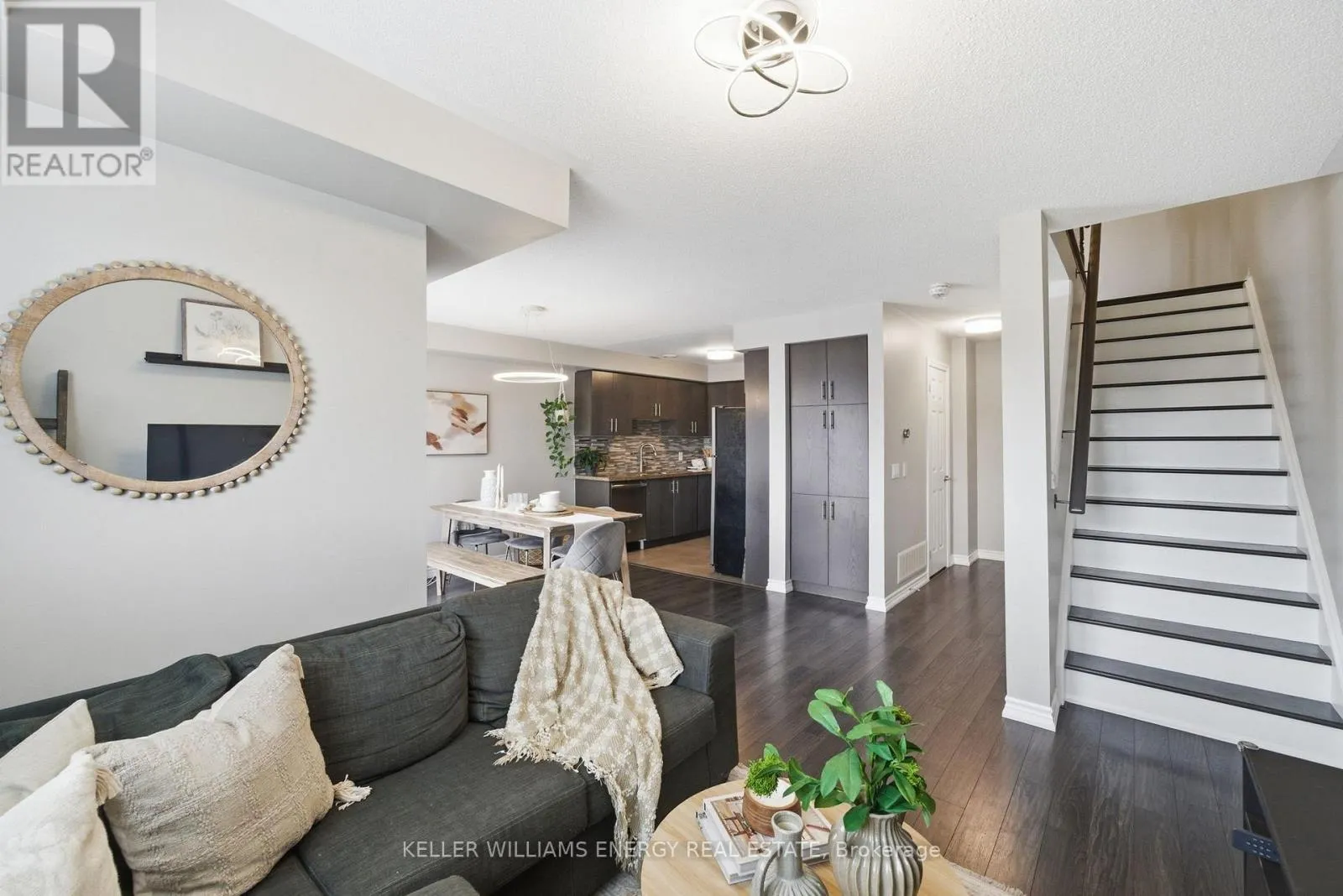 Welcome to this south-facing freehold townhome (no condo or POTL fees!) in Oshawa’s desirable Windfields community. Offering 3-car parking with a 1-car garage, this bright and well-maintained 2-bedroom home features a functional open-concept main level with a spacious living and dining area and a walk-out to a private balcony overlooking the Elmcroft Parkette. The modern kitchen is equipped with stainless
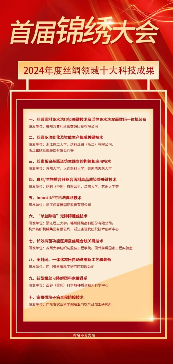 2024年,絲綢科技創(chuàng)新再次引領(lǐng)絲綢行業(yè)邁向新高峰, 每一項(xiàng)成果都閃耀著智慧與汗水、彰顯著創(chuàng)新與匠心,為絲綢的科技創(chuàng)新與發(fā)展注入了新的生命力。蘇州大學(xué)紡織與服裝學(xué)院原院長(zhǎng)陳國(guó)強(qiáng)與大家共同揭曉“絲綢領(lǐng)域年度十大科技成果”!
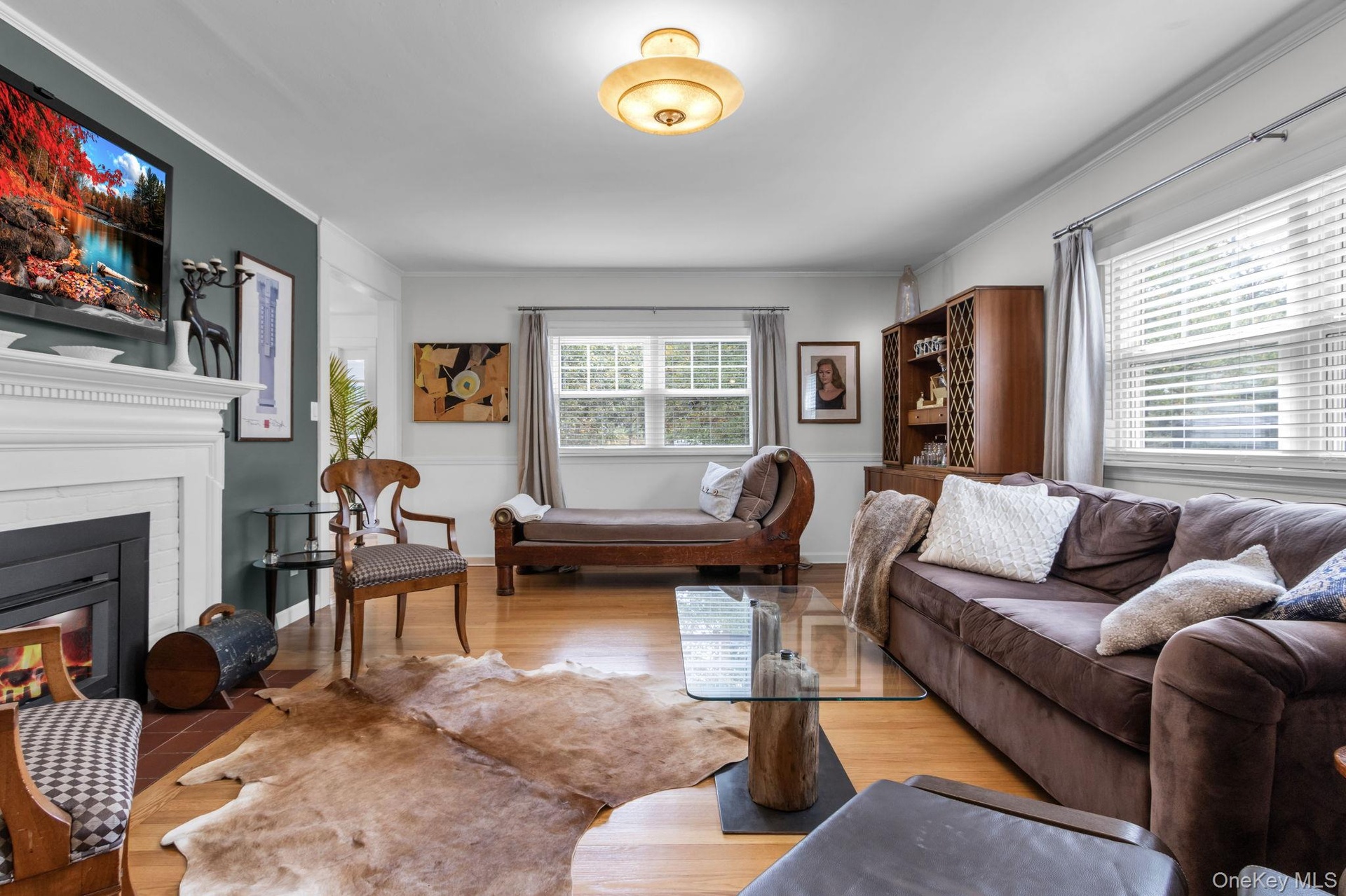 - Living room featuring wood finished floors, crown molding, and a brick fireplace
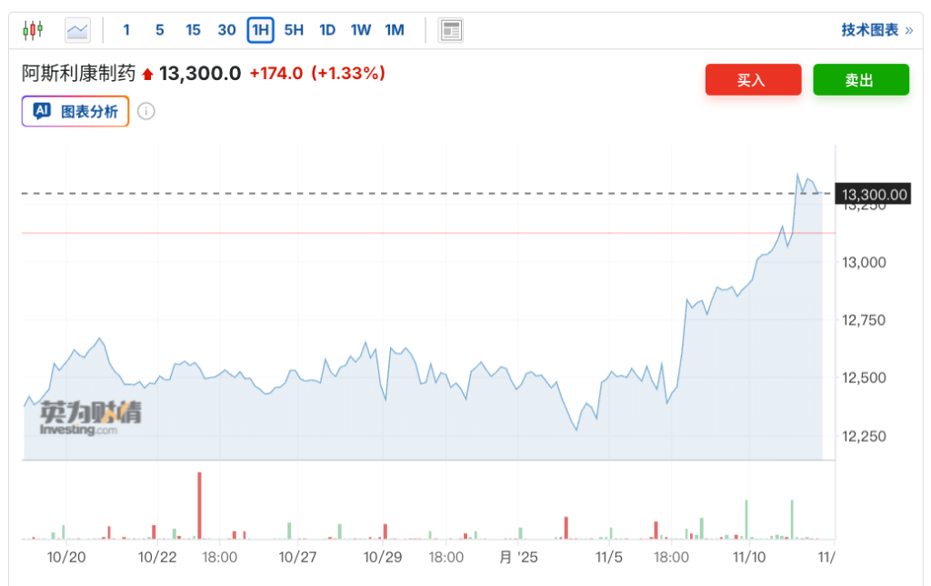 本轮上涨主要受阿斯利康上周发布的超预期业绩支撑。财报显示,受创新药需求持续拉动,公司前三季度总营收同比增长11%,核心每股收益增长15%,各业务板块及主要区域市场均实现稳健增长。
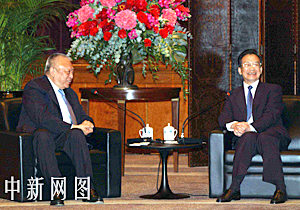 國務院總理溫家寶6月29日在下榻的酒店,會見特首董建華并與工商界知名人士親切交談。洪少葵 攝
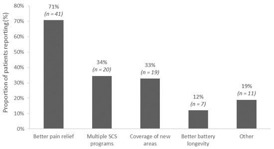 Reasons for converting to the new spinal cord stimulation implantable pulse generator (N = 58). Multiple reasons could be selected by each patient.

┄┄┄┄┄┄

Exercise brief
Write the lines out again exactly, beginning at the one containing "國務院總理溫家寶6月29日在" and ending with the last line of the entries, but without any pictures.

Finished task
 國務院總理溫家寶6月29日在下榻的酒店,會見特首董建華并與工商界知名人士親切交談。洪少葵 攝
 Reasons for converting to the new spinal cord stimulation implantable pulse generator (N = 58). Multiple reasons could be selected by each patient.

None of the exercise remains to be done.